## Provided information
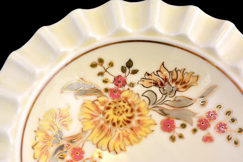 Leírás: Zsolnay virág mintás hamutál. Kézzel festett, jelzett, hibátlan. 15,5 cm
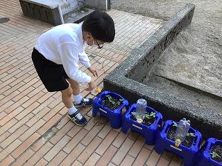 5月23日(月)1年生の子ども達が、登校後すぐに朝顔の水やりをしていました。種を植えてから毎日芽が出るのを楽しみに待っていたので、可愛い芽が出てきて、嬉しそうに水をあげていました。
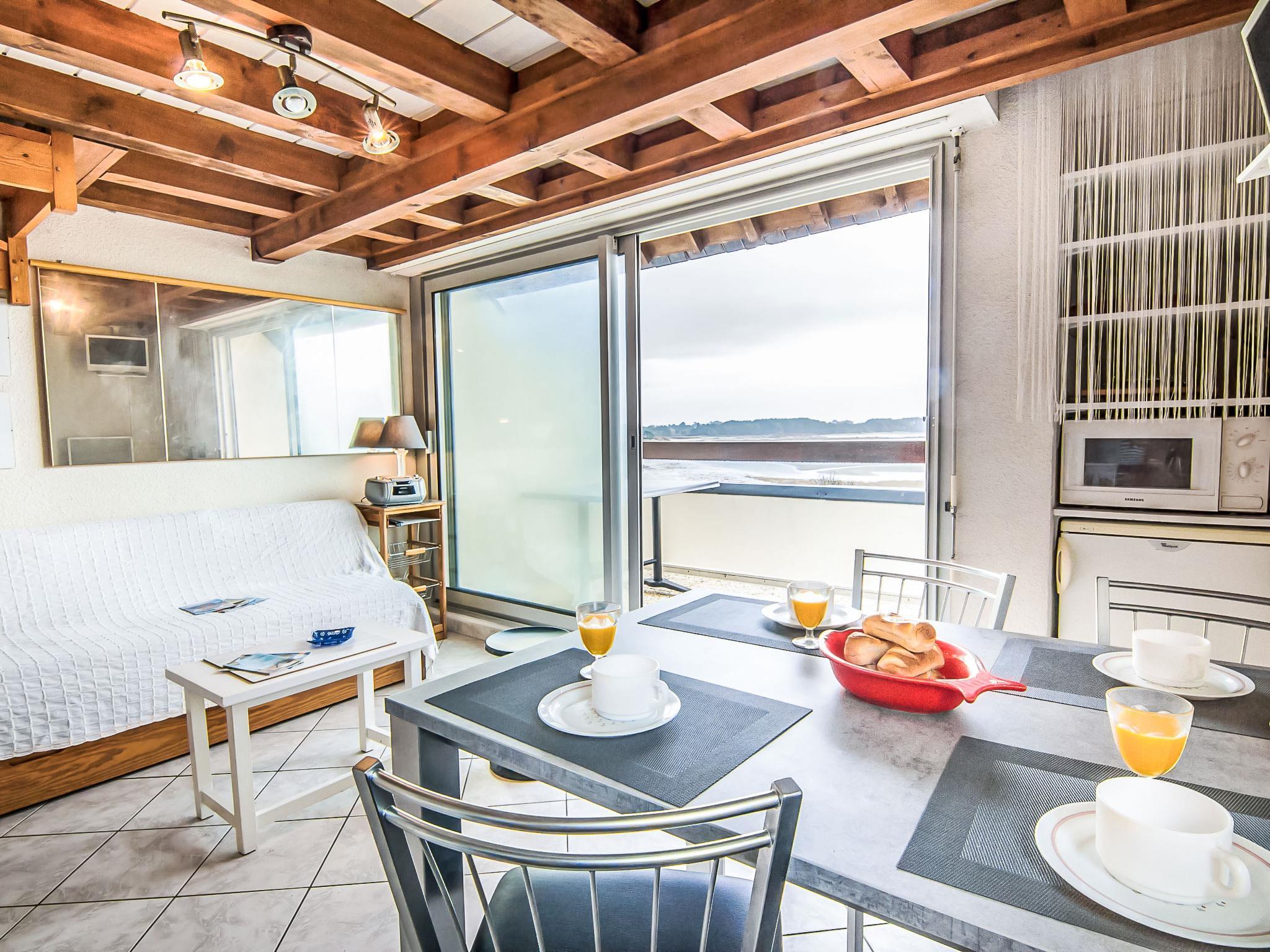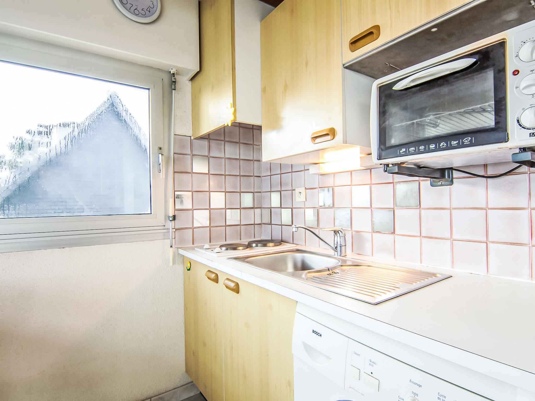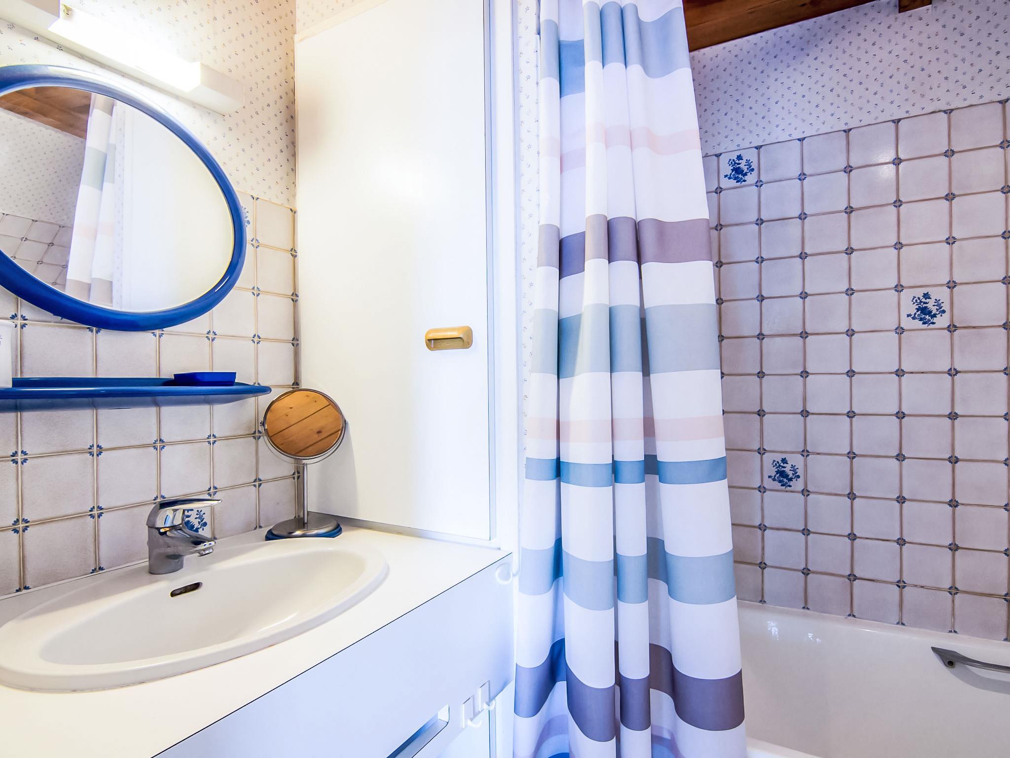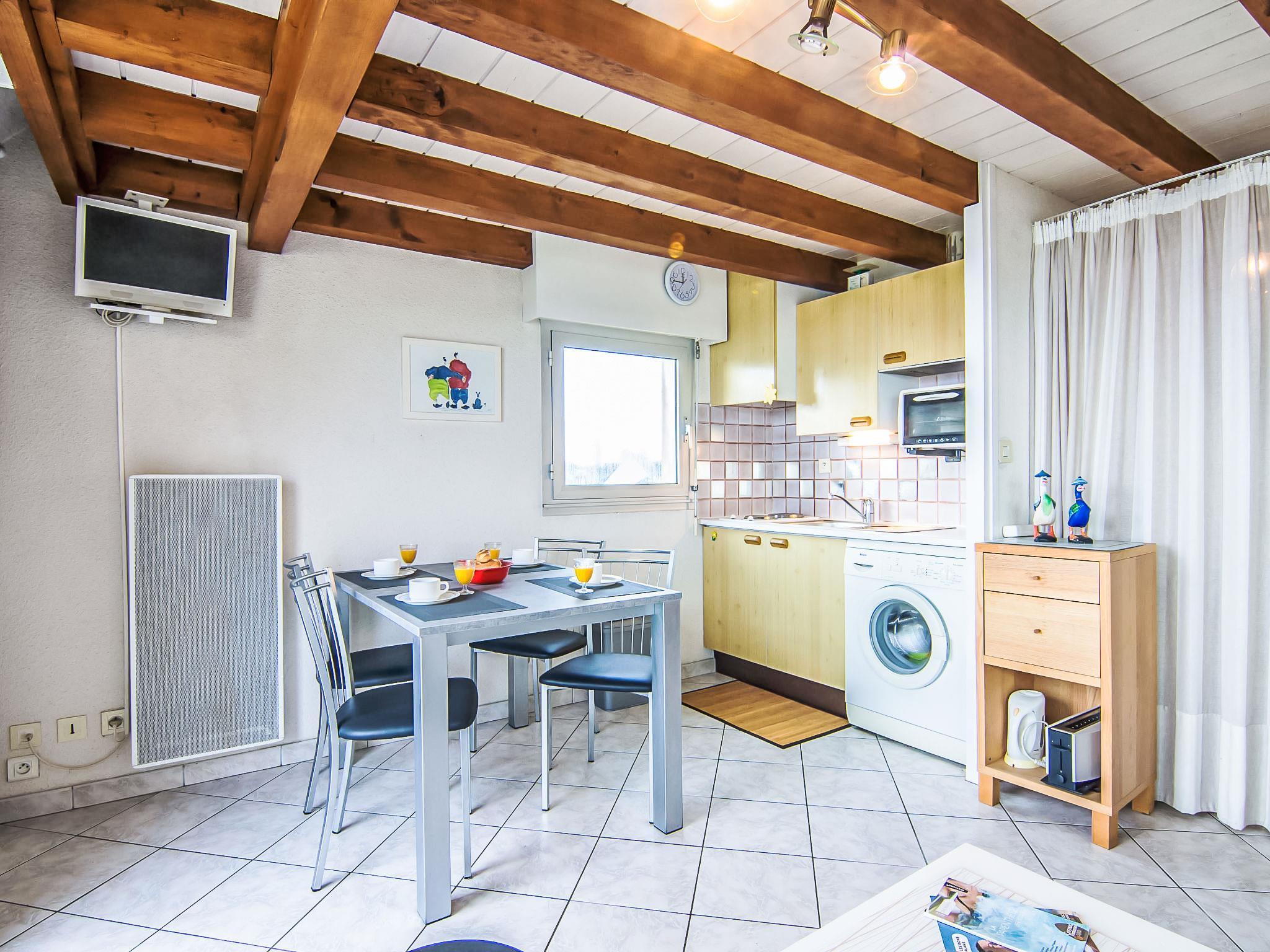 2-room apartment 29 m2 on 2 levels on 2nd floor, south-east facing position. Living/dining room with 1 pull-out bed (2 pers.), TV. Exit to the balcony. Kitchenette (2 hot plates, oven, microwave). Bath/WC. Upper floor: 1 room with sloping ceilings with 1 french bed (140 cm). Balcony 5 m2. Balcony furniture. Beautiful view of the sea. Facilities: washing machine, hair dryer. Internet (WiFi, extra). Parking space n 14. Please note: TV only FR. Smoke alarm.
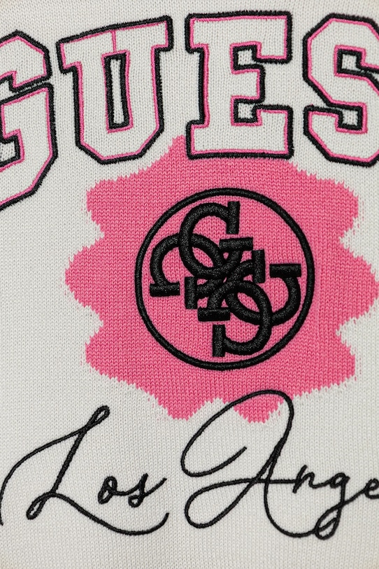 Этот детский свитер из коллекции Guess выполнен из тонкого трикотажа. Высокие терморегулирующие свойства шерсти согревают в холод и охлаждают в жару. - Свободный покрой, не стесняющий движений. - Классический круглый вырез. - Рукава и низ изделия отделаны удобными эластичными манжетами. - Модель с декоративной аппликацией. - Крой рукава со спущенной линией плеча не ограничивает подвижность.
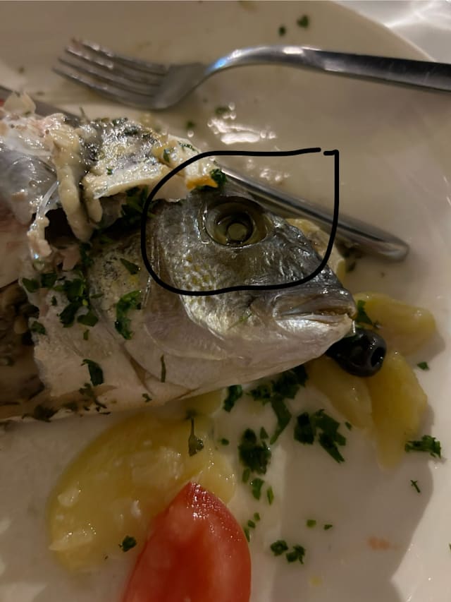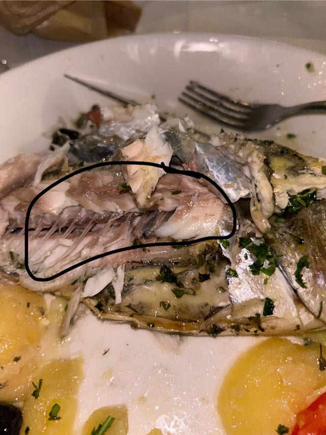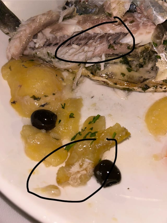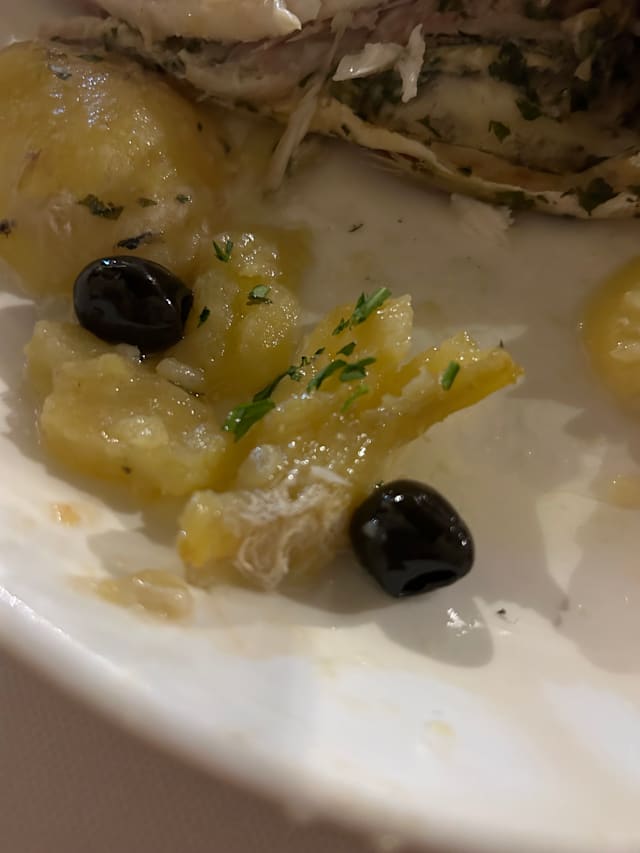Il pescato del giorno passato al forno con olive, pomodori e pinoli servito su letto di patate

## Task objective
Output the records above exactly as written, but leave out the pictures.

## Answer for this exercise
 Leírás: Zsolnay virág mintás hamutál. Kézzel festett, jelzett, hibátlan. 15,5 cm
 5月23日(月)1年生の子ども達が、登校後すぐに朝顔の水やりをしていました。種を植えてから毎日芽が出るのを楽しみに待っていたので、可愛い芽が出てきて、嬉しそうに水をあげていました。
 2-room apartment 29 m2 on 2 levels on 2nd floor, south-east facing position. Living/dining room with 1 pull-out bed (2 pers.), TV. Exit to the balcony. Kitchenette (2 hot plates, oven, microwave). Bath/WC. Upper floor: 1 room with sloping ceilings with 1 french bed (140 cm). Balcony 5 m2. Balcony furniture. Beautiful view of the sea. Facilities: washing machine, hair dryer. Internet (WiFi, extra). Parking space n 14. Please note: TV only FR. Smoke alarm.
 Этот детский свитер из коллекции Guess выполнен из тонкого трикотажа. Высокие терморегулирующие свойства шерсти согревают в холод и охлаждают в жару. - Свободный покрой, не стесняющий движений. - Классический круглый вырез. - Рукава и низ изделия отделаны удобными эластичными манжетами. - Модель с декоративной аппликацией. - Крой рукава со спущенной линией плеча не ограничивает подвижность.
Il pescato del giorno passato al forno con olive, pomodori e pinoli servito su letto di patate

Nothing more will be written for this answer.